Randomly applies one of the schedule-aware mutations from the paper.
- class discrete_optimization.ovensched.solvers.mutations.SwapBatchesMutation(problem: OvenSchedulingProblem, **kwargs: Any)[source]
Bases:
MutationSwap Batches (SB) mutation from the paper.
Swaps two batches on the same machine by reordering their tasks in the permutation.
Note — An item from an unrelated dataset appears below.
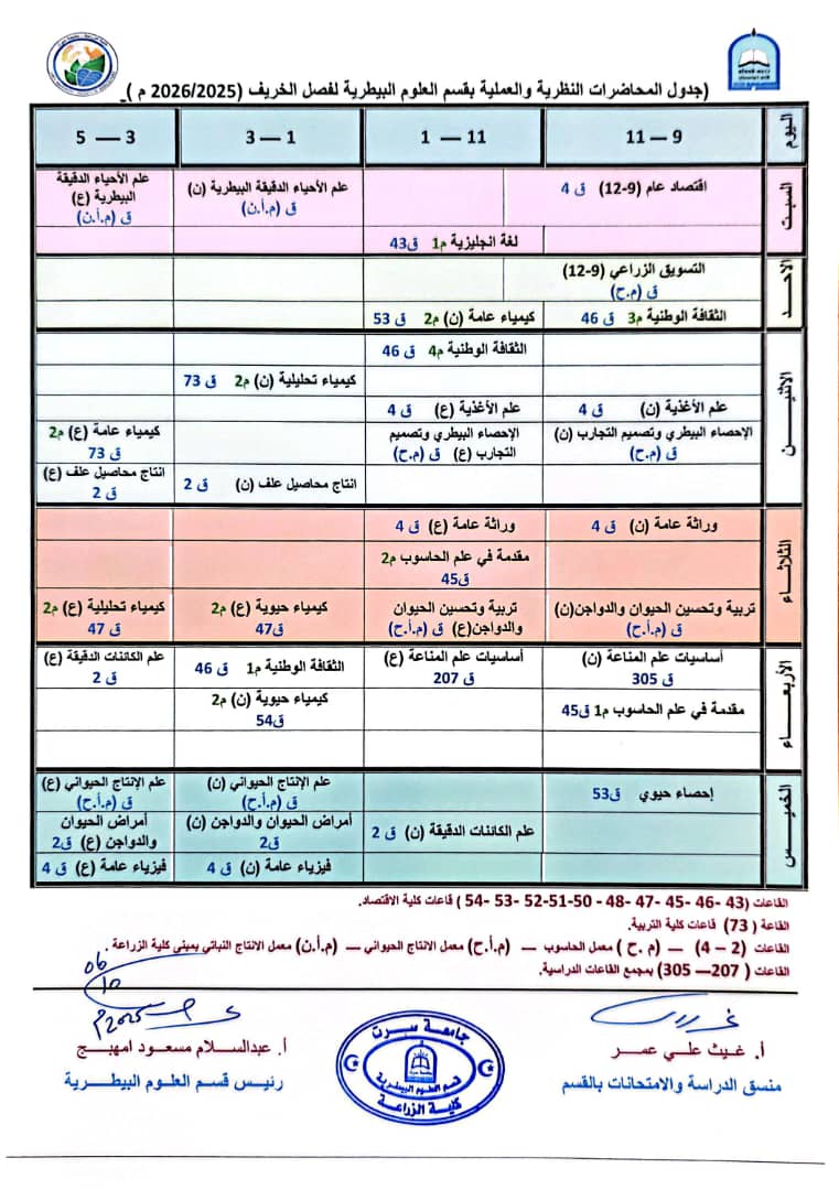 جدول المحاضرات النظرية والعملية لفصل الخريف 2025 / 2026م .

This changes the processing order of batches on a machine.
- mutate(solution: Solution) tuple[Solution, LocalMove][source]
Swap two batches on the same machine.
Strategy: 1. Decode permutation to identify batches 2. Choose a machine with at least 2 batches 3. Pick two batches to swap 4. Reorder permutation to swap these batches
- problem: OvenSchedulingProblem
discrete_optimization.ovensched.solvers.optal module
OptalCP solver for the Oven Scheduling Problem.
- class discrete_optimization.ovensched.solvers.optal.OvenObjectivesEnum(*values)[source]
Bases:
EnumEnumeration of available objectives for the oven scheduling problem.
- MAKESPAN = 'makespan'
- NB_BATCH = 'nb_batch'
- PROCESSING_TIME = 'processing_time'
- SETUP_COST = 'setup_cost'
- TARDINESS = 'tardiness'
- class discrete_optimization.ovensched.solvers.optal.OvenSchedulingOptalSolver(problem: OvenSchedulingProblem, params_objective_function: ParamsObjectiveFunction | None = None, max_nb_batch_per_machine: int | None = None, setup_modeling: str = 'baseline', use_batch_count_vars: bool = False, use_explicit_batch_attrs: bool = False, use_incompatibility_constraints: bool = False, **kwargs: Any)[source]
Bases:
OptalCpSolver,WarmstartMixinOptalCP solver for the Oven Scheduling Problem.
This solver uses the OptalCP constraint programming solver to model the batching problem with machines, setup times/costs, and capacity constraints.
- problem: OvenSchedulingProblem
- retrieve_solution(result: cp.SolutionEvent) OvenSchedulingSolution[source]
Construct a solution from OptalCP solver results.
- Parameters:
result – The OptalCP solution event
- Returns:
An OvenSchedulingSolution
- set_warm_start(solution: OvenSchedulingSolution) None[source]
Set warm start from a given solution.
- Parameters:
solution – The solution to use for warm start
Module contents
Solvers for the Oven Scheduling Problem.